*Task prompt*.
Each line of data below is to be returned exactly, leaving out any picture.

***** Provided material *****

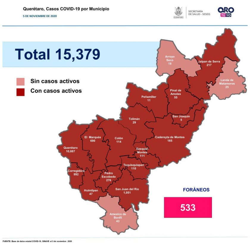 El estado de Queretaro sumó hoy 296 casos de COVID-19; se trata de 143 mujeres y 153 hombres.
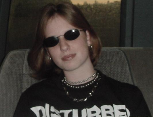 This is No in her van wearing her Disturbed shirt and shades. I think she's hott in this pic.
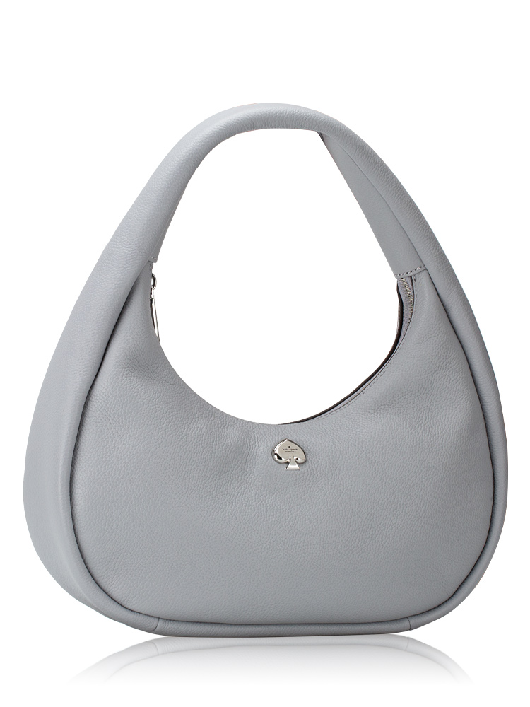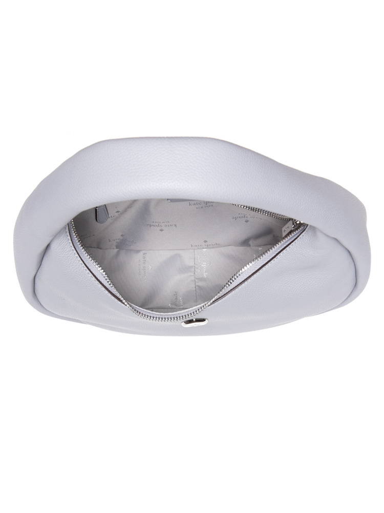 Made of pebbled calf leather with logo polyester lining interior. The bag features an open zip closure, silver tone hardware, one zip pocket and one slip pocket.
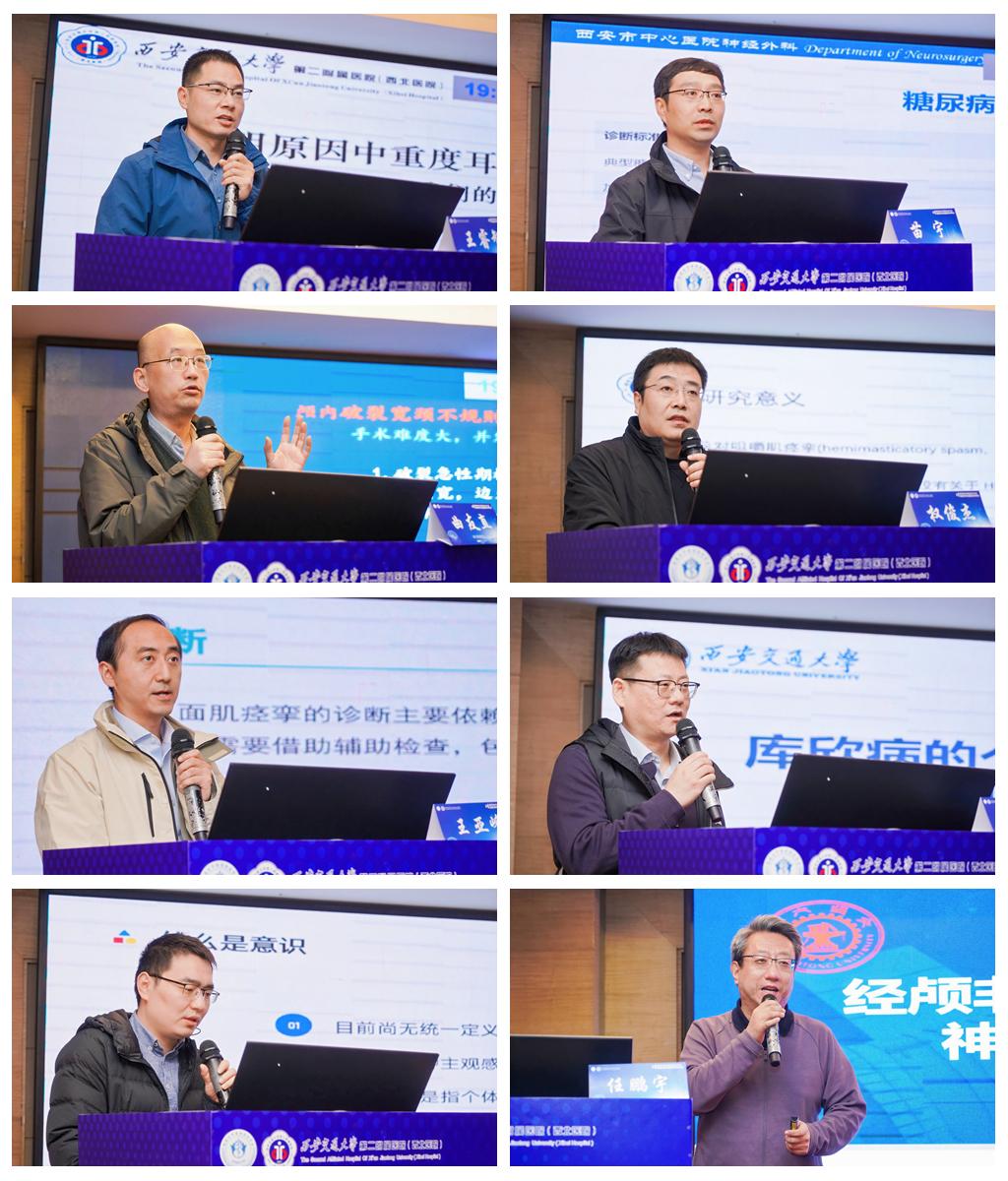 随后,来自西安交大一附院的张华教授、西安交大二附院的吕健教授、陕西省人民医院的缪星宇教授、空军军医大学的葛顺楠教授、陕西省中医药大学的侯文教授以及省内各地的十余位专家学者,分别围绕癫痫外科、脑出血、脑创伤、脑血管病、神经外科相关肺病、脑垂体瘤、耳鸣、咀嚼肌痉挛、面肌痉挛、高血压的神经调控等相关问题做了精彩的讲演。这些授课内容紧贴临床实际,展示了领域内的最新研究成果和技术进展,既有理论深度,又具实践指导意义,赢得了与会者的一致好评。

*****

*Answer space*.
 El estado de Queretaro sumó hoy 296 casos de COVID-19; se trata de 143 mujeres y 153 hombres.
 This is No in her van wearing her Disturbed shirt and shades. I think she's hott in this pic.
 Made of pebbled calf leather with logo polyester lining interior. The bag features an open zip closure, silver tone hardware, one zip pocket and one slip pocket.
 随后,来自西安交大一附院的张华教授、西安交大二附院的吕健教授、陕西省人民医院的缪星宇教授、空军军医大学的葛顺楠教授、陕西省中医药大学的侯文教授以及省内各地的十余位专家学者,分别围绕癫痫外科、脑出血、脑创伤、脑血管病、神经外科相关肺病、脑垂体瘤、耳鸣、咀嚼肌痉挛、面肌痉挛、高血压的神经调控等相关问题做了精彩的讲演。这些授课内容紧贴临床实际,展示了领域内的最新研究成果和技术进展,既有理论深度,又具实践指导意义,赢得了与会者的一致好评。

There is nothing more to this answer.